Here's a class for dynamically allocating a dictionary with an example
"""
Dynamic nested dictionary
Author: Larz60+
"""
#
import collections


class DynamicNestedDict:
    def dynamic_nested_dict(self):
        return collections.defaultdict(self.dynamic_nested_dict)


# Example of usage
if __name__ == '__main__':
    keylist = ['bind', 'application level', 'binding']
    loc = [20, 96, 100, 101, 102, 104, 105, 115, 193, 434, 546]

    dd = DynamicNestedDict()
    ddict = dd.dynamic_nested_dict()

    x = 'ddict'
    for n in range(len(keylist)):
        x = '{}[{}]'.format(x, repr(keylist[n]))
    x = x + ' = loc'
    exec(x)

    print("ddict['bind']['application level']['binding']: {}"
          .format(ddict['bind']['application level']['binding']))
Any improvements appreciated
#2
Why the range(len()) instead of a regular for loop? Including some output would be helpful here, even refactored, that loop is pretty confusing.

Why is this a class with a method instead of a function? This API seems to have extra to it which is unnecessary.
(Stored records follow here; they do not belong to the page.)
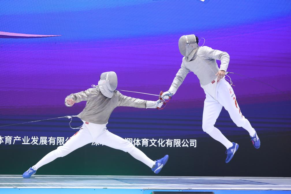 代銳(左)在男子佩劍個人決賽中對陣林霄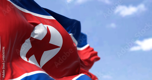 Detail of the national flag of North Korea waving in the wind on a clear day
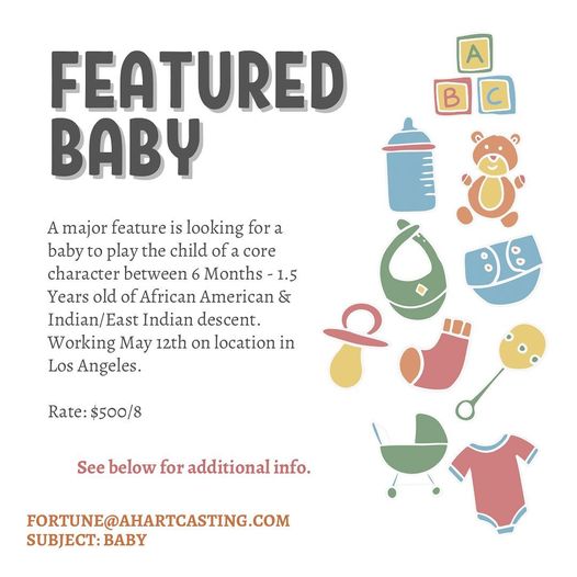 Major feature is looking for a baby to play the child of a core character between 6 Months – 1.5 Years old of African American & Indian/East Indian descent. Working May 12th on location in Los Angeles.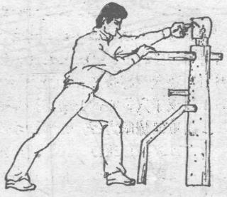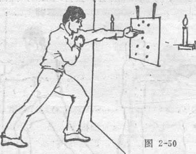 在硬地面上立一人型木柱突出部位如头部等身体要害要认真制作标出。攻点三路的要点在武术动作的综合屋用之上主要用点穴手型、肘、脚对木人桃的上、中下各部穴位进行攻点以练克敌制胜的效果(图2-51)注春事项1练习时多假想对方也在进攻故而点击要准、快、狠。2要结合绕进等步法对侧背面的穴位进行攻点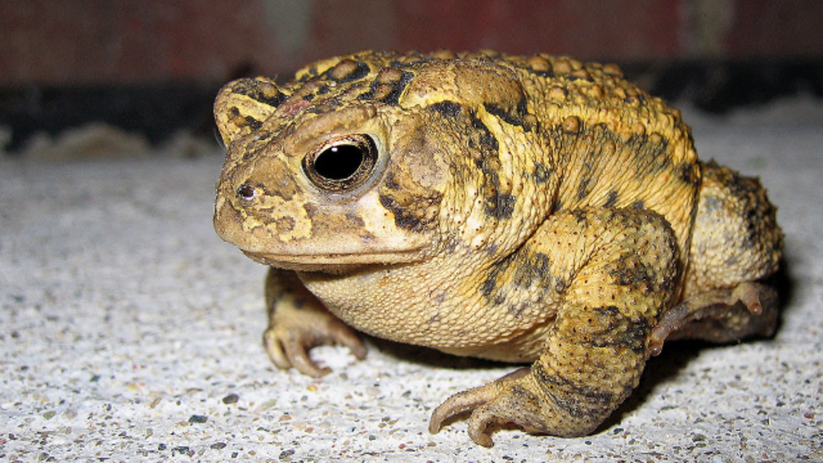 Description: A small brown and black frog sitting on a floor next to a brick wall and a door way with a red door.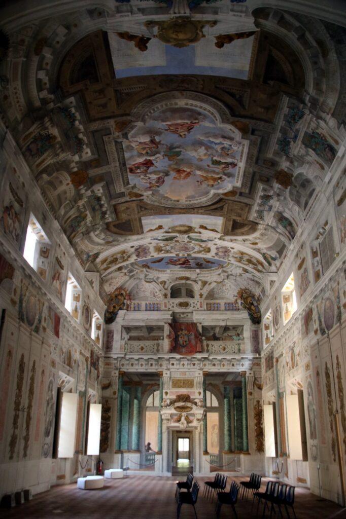 Hoy volvemos a los alrededores de MÓDENA, y comenzaremos el día en el Palacio de Sassuolo, una de las “delicias estenses”. ¿Qué es eso? Cuando la capital de los estados de los Este era Ferrara había allí una serie de residencias destinadas sobre todo al placer (también a la explotación agrícola del territorio, es verdad), de las que veremos una. Pues bien, cuando el papa recuperó aquella parte del ducado (la “devolución”) el duque Francisco I d’Este decidió construir otra en esta zona y levantó este bellísimo palacio.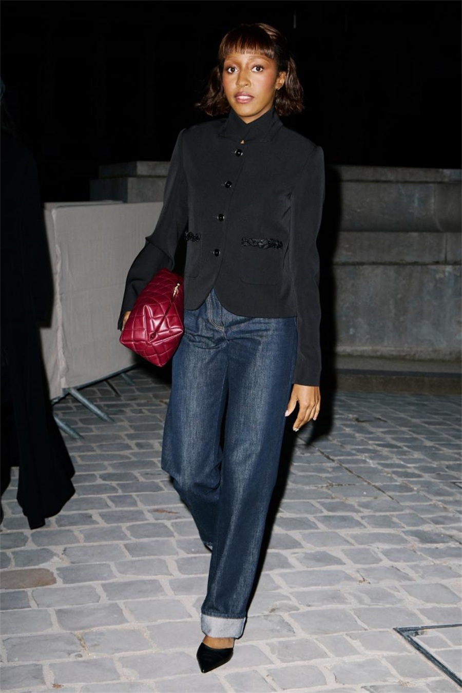《大熊餐厅》女星Ayo Edebiri以黑色羊毛外套亮相,选用大型手拿包作为造型亮点,方正结构让整体更具时尚气场。

Also, is it any better than
DynamicNestedDict = lambda: defaultdict(lambda: defaultdict(DynamicNestedDict))
?
#3
OK, I'm listening, how exactly would you use this with the example?
#4
(Oct-08-2016, 12:39 PM)Larz60+ Wrote:     
for n in range(len(keylist)):
        x = '{}[{}]'.format(x, repr(keylist[n]))
I think this can be translated to
for key in keylist:
    x = '{}[{}]'.format(x, repr(key))
"As they say in Mexico 'dosvidaniya'. That makes two vidaniyas."
https://freedns.afraid.org
#5
Wavic, thenks for the reply. I understood using key, I'm not sure how to use the recursive lambda.
#6
(Oct-08-2016, 10:23 PM)Larz60+ Wrote: OK, I'm listening, how exactly would you use this with the example?
>>> import collections
>>> DynamicNestedDict = lambda: collections.defaultdict(lambda: collections.defaultdict(DynamicNestedDict))
>>> dd2 = DynamicNestedDict()
>>> dd2['bind']['application level']['binding'] = "anything"
>>> print dd2['bind']['application level']['binding']
anything
If I'm oversimplifying, let me know, and I'll see if I can accommodate the complication.
#7
(Oct-09-2016, 12:05 AM)Larz60+ Wrote:  I understood using key, I'm not sure how to use the recursive lambda.

Also, remember that nothing is special about lambda... should be equivalent to the following:
def DynamicNestedDict():
    def internal():
        return defaultdict(DynamicNestedDict)
    return defaultdict(internal)
#8
Micseydel - Thanks i like it -- a lot --

Now I expect that I will still have to use exec when building the keys from a list as in my example.
#9
Quote:Now I expect that I will still have to use exec when building the keys from a list as in my example.
I was just wondering about that actually.
I know how to create slice objects programatically with the slice built-in, but not how to construct a series of indices of unknown size.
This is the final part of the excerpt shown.